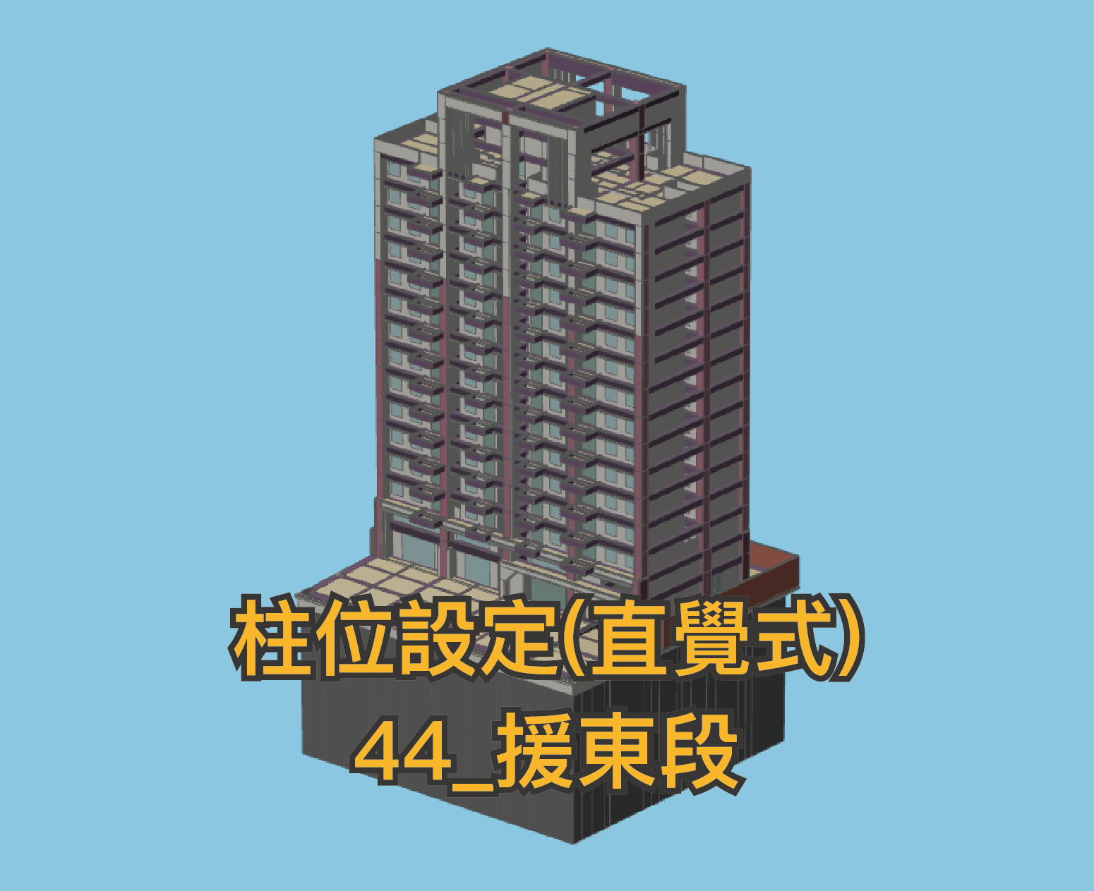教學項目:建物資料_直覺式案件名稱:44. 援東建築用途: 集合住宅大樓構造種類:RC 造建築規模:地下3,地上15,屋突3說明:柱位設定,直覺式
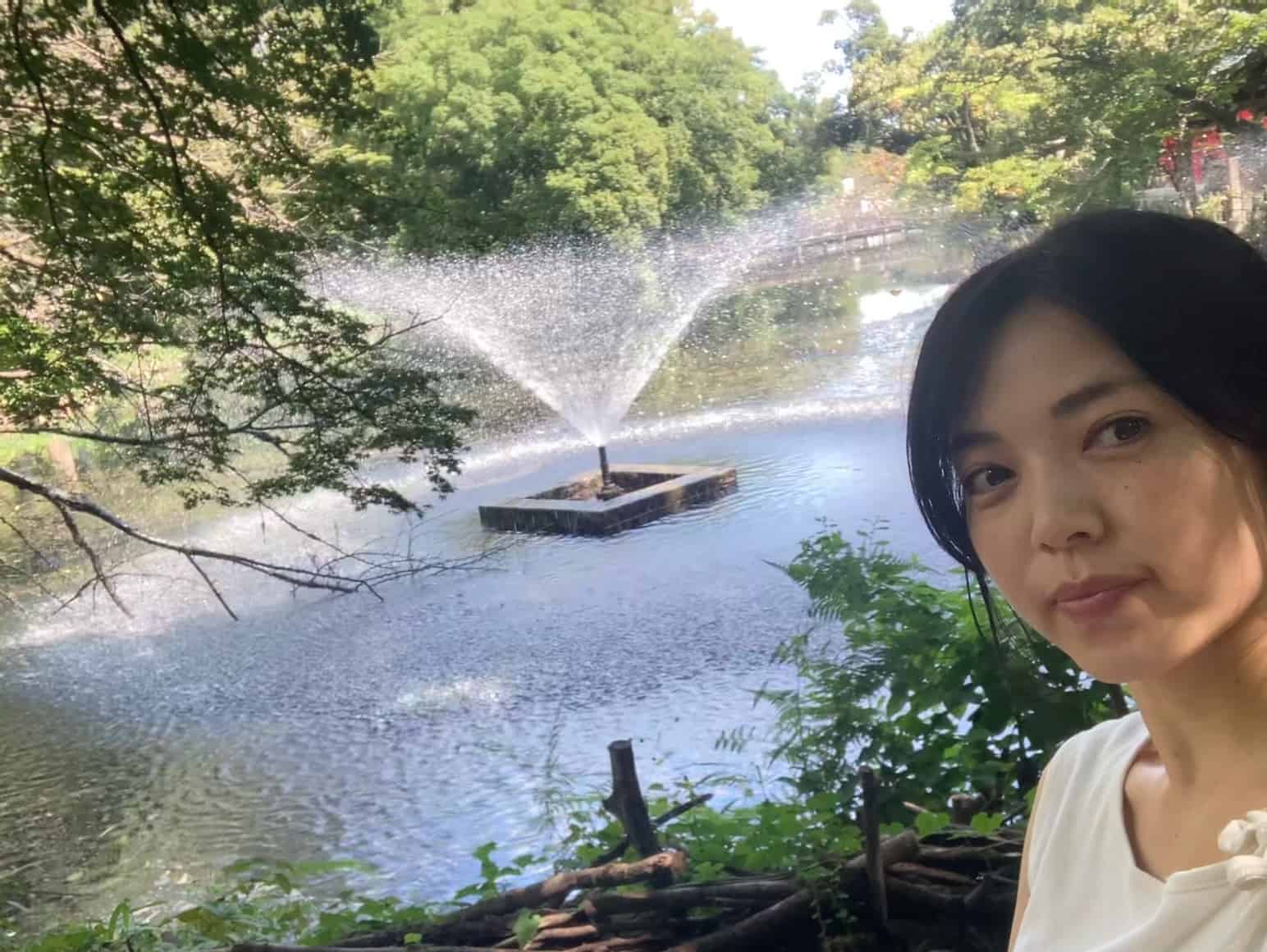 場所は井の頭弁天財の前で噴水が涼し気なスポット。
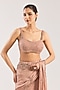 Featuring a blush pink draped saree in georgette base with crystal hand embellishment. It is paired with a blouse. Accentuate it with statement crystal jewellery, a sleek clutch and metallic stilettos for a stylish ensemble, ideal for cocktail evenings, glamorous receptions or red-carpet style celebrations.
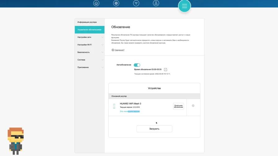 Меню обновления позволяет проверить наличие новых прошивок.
+ + +
*EXERCISE DIRECTIONS*
Return the complete data unchanged and include none of the pictures.

*TASK RESULT*
教學項目:建物資料_直覺式案件名稱:44. 援東建築用途: 集合住宅大樓構造種類:RC 造建築規模:地下3,地上15,屋突3說明:柱位設定,直覺式
 場所は井の頭弁天財の前で噴水が涼し気なスポット。
 Featuring a blush pink draped saree in georgette base with crystal hand embellishment. It is paired with a blouse. Accentuate it with statement crystal jewellery, a sleek clutch and metallic stilettos for a stylish ensemble, ideal for cocktail evenings, glamorous receptions or red-carpet style celebrations.
 Меню обновления позволяет проверить наличие новых прошивок.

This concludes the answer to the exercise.